Content starts

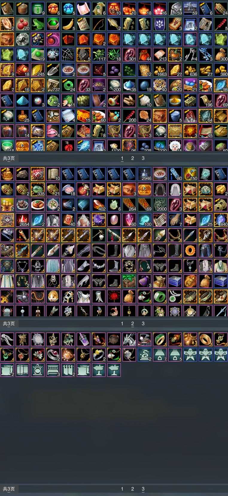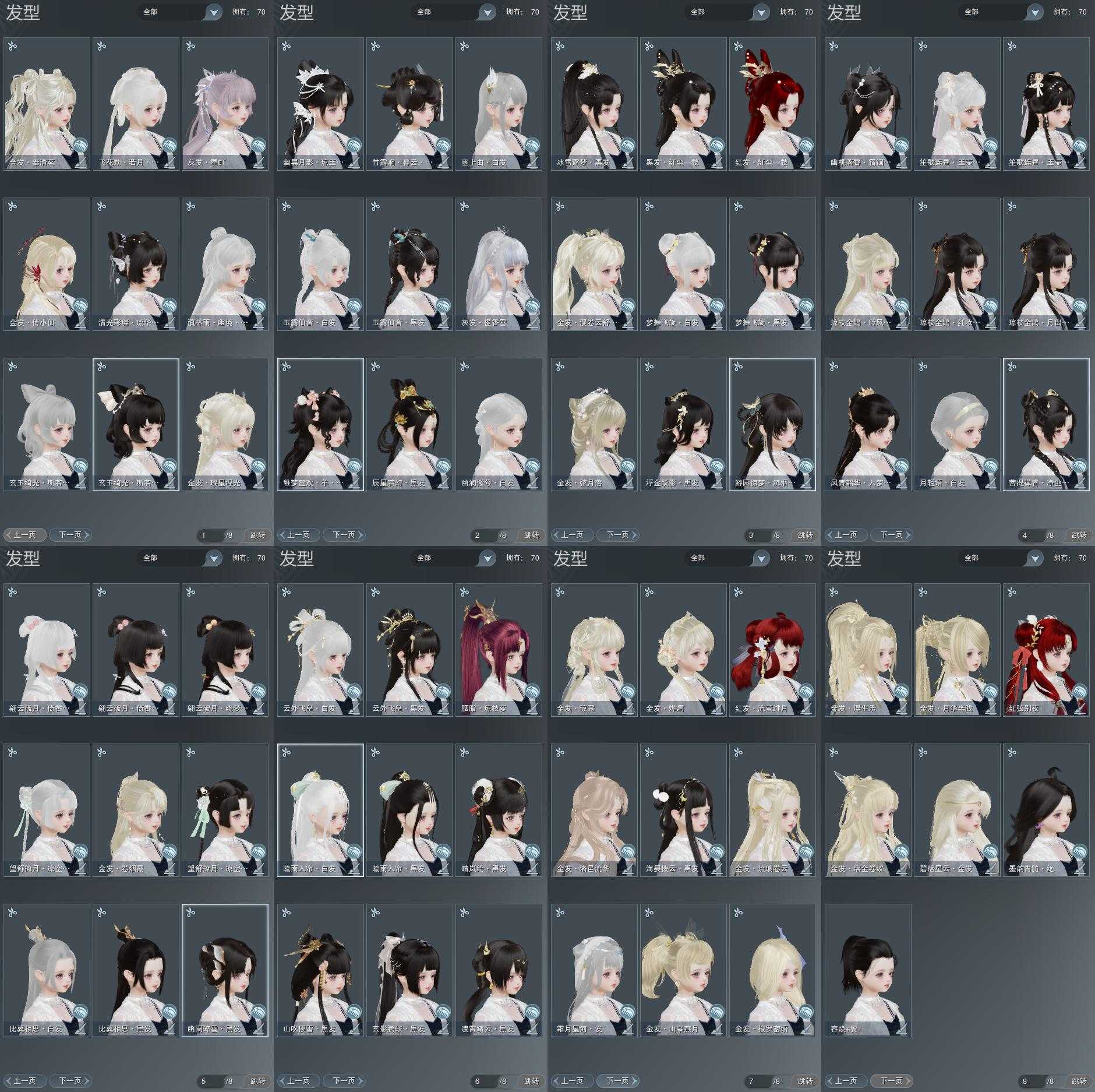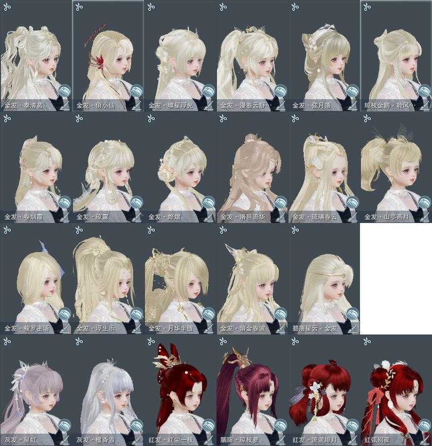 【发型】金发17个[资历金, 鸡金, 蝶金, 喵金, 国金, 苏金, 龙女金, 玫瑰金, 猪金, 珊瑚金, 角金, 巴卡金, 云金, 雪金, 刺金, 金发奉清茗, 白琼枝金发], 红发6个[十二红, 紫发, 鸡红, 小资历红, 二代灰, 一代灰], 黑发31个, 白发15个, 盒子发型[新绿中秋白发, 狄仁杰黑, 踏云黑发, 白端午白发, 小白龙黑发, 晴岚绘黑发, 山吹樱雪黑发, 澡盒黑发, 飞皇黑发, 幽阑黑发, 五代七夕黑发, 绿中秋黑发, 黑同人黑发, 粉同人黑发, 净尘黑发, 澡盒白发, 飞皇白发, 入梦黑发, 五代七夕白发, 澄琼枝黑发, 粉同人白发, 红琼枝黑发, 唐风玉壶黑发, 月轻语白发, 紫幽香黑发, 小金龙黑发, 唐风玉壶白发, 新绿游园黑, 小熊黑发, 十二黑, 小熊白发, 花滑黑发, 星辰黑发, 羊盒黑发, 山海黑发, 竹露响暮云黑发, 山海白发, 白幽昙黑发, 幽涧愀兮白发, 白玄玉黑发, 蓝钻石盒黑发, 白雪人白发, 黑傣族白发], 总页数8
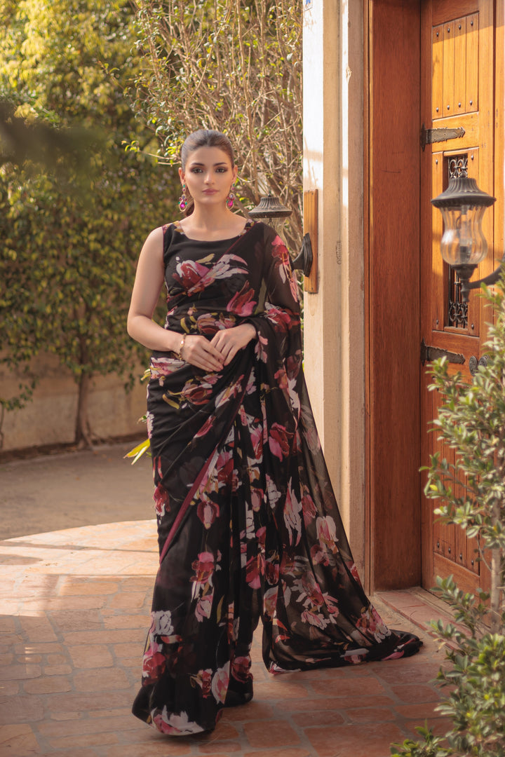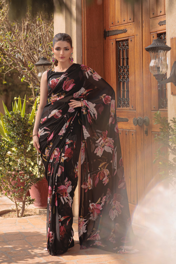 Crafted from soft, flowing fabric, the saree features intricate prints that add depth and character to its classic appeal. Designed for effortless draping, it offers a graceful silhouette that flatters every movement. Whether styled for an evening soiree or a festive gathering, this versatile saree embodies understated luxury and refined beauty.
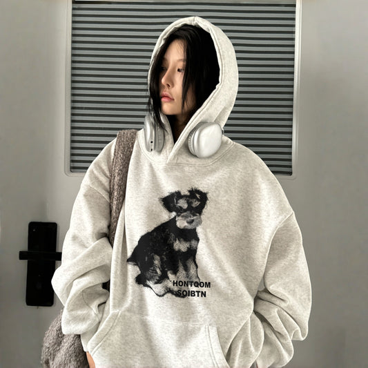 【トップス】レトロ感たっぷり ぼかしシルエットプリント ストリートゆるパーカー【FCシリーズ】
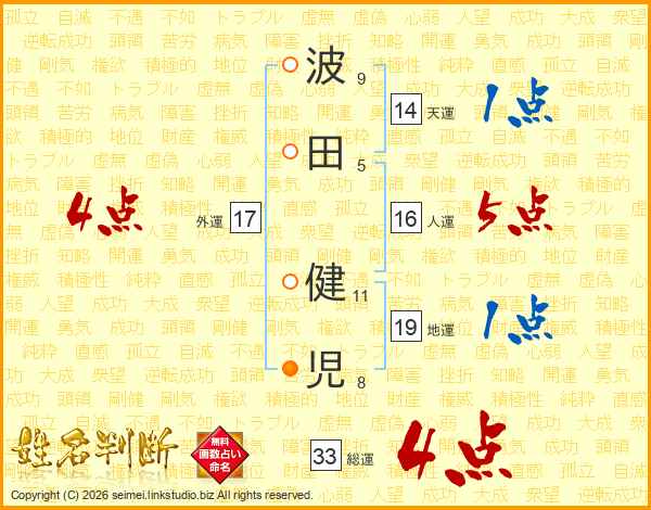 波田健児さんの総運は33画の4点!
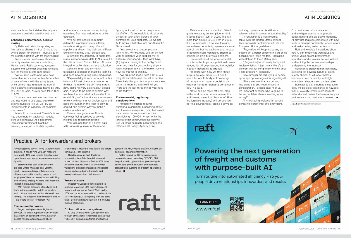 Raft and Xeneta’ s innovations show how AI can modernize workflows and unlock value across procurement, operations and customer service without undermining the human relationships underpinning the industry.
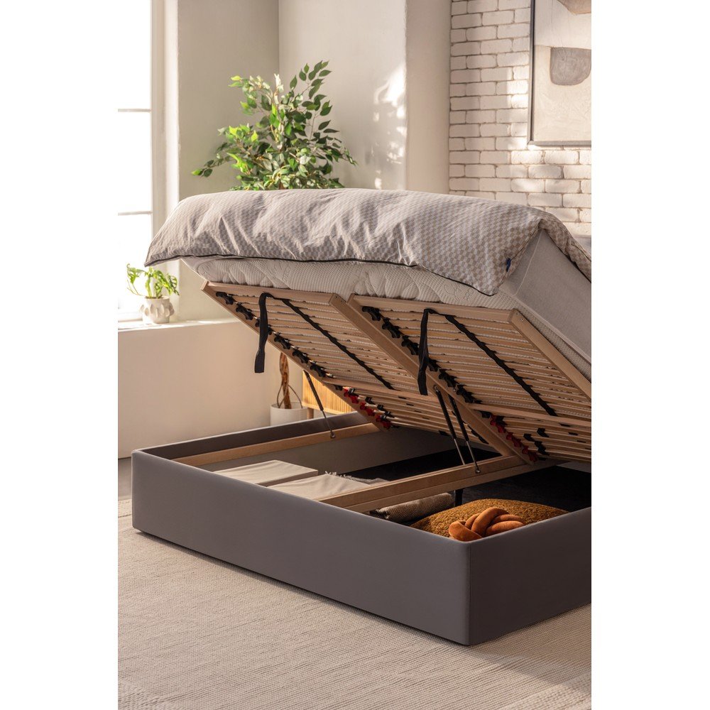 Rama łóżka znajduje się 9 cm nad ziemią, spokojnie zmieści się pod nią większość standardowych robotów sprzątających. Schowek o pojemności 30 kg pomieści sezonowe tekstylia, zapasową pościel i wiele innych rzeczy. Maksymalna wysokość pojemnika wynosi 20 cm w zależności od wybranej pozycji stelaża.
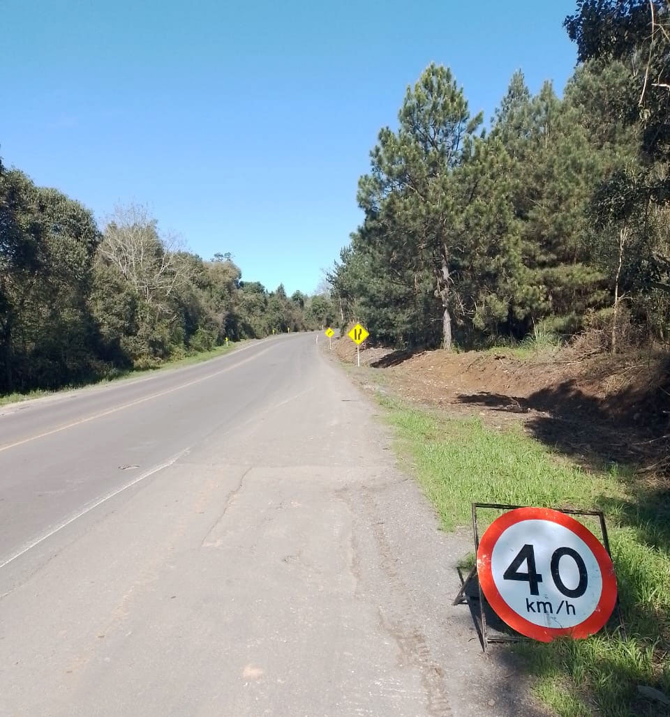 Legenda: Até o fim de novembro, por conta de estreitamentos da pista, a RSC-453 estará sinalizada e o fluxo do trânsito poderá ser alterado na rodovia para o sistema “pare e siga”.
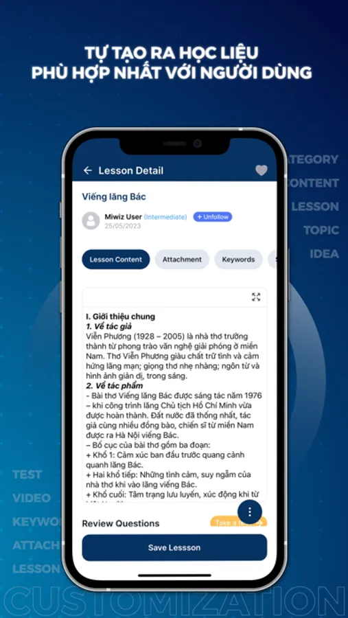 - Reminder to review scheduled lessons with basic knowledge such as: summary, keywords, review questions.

Content ends

Work required |
From the first line to the last, give the data again exactly, but without pictures.

Response |
 【发型】金发17个[资历金, 鸡金, 蝶金, 喵金, 国金, 苏金, 龙女金, 玫瑰金, 猪金, 珊瑚金, 角金, 巴卡金, 云金, 雪金, 刺金, 金发奉清茗, 白琼枝金发], 红发6个[十二红, 紫发, 鸡红, 小资历红, 二代灰, 一代灰], 黑发31个, 白发15个, 盒子发型[新绿中秋白发, 狄仁杰黑, 踏云黑发, 白端午白发, 小白龙黑发, 晴岚绘黑发, 山吹樱雪黑发, 澡盒黑发, 飞皇黑发, 幽阑黑发, 五代七夕黑发, 绿中秋黑发, 黑同人黑发, 粉同人黑发, 净尘黑发, 澡盒白发, 飞皇白发, 入梦黑发, 五代七夕白发, 澄琼枝黑发, 粉同人白发, 红琼枝黑发, 唐风玉壶黑发, 月轻语白发, 紫幽香黑发, 小金龙黑发, 唐风玉壶白发, 新绿游园黑, 小熊黑发, 十二黑, 小熊白发, 花滑黑发, 星辰黑发, 羊盒黑发, 山海黑发, 竹露响暮云黑发, 山海白发, 白幽昙黑发, 幽涧愀兮白发, 白玄玉黑发, 蓝钻石盒黑发, 白雪人白发, 黑傣族白发], 总页数8
 Crafted from soft, flowing fabric, the saree features intricate prints that add depth and character to its classic appeal. Designed for effortless draping, it offers a graceful silhouette that flatters every movement. Whether styled for an evening soiree or a festive gathering, this versatile saree embodies understated luxury and refined beauty.
 【トップス】レトロ感たっぷり ぼかしシルエットプリント ストリートゆるパーカー【FCシリーズ】
 波田健児さんの総運は33画の4点!
 Raft and Xeneta’ s innovations show how AI can modernize workflows and unlock value across procurement, operations and customer service without undermining the human relationships underpinning the industry.
 Rama łóżka znajduje się 9 cm nad ziemią, spokojnie zmieści się pod nią większość standardowych robotów sprzątających. Schowek o pojemności 30 kg pomieści sezonowe tekstylia, zapasową pościel i wiele innych rzeczy. Maksymalna wysokość pojemnika wynosi 20 cm w zależności od wybranej pozycji stelaża.
 Legenda: Até o fim de novembro, por conta de estreitamentos da pista, a RSC-453 estará sinalizada e o fluxo do trânsito poderá ser alterado na rodovia para o sistema “pare e siga”.
 - Reminder to review scheduled lessons with basic knowledge such as: summary, keywords, review questions.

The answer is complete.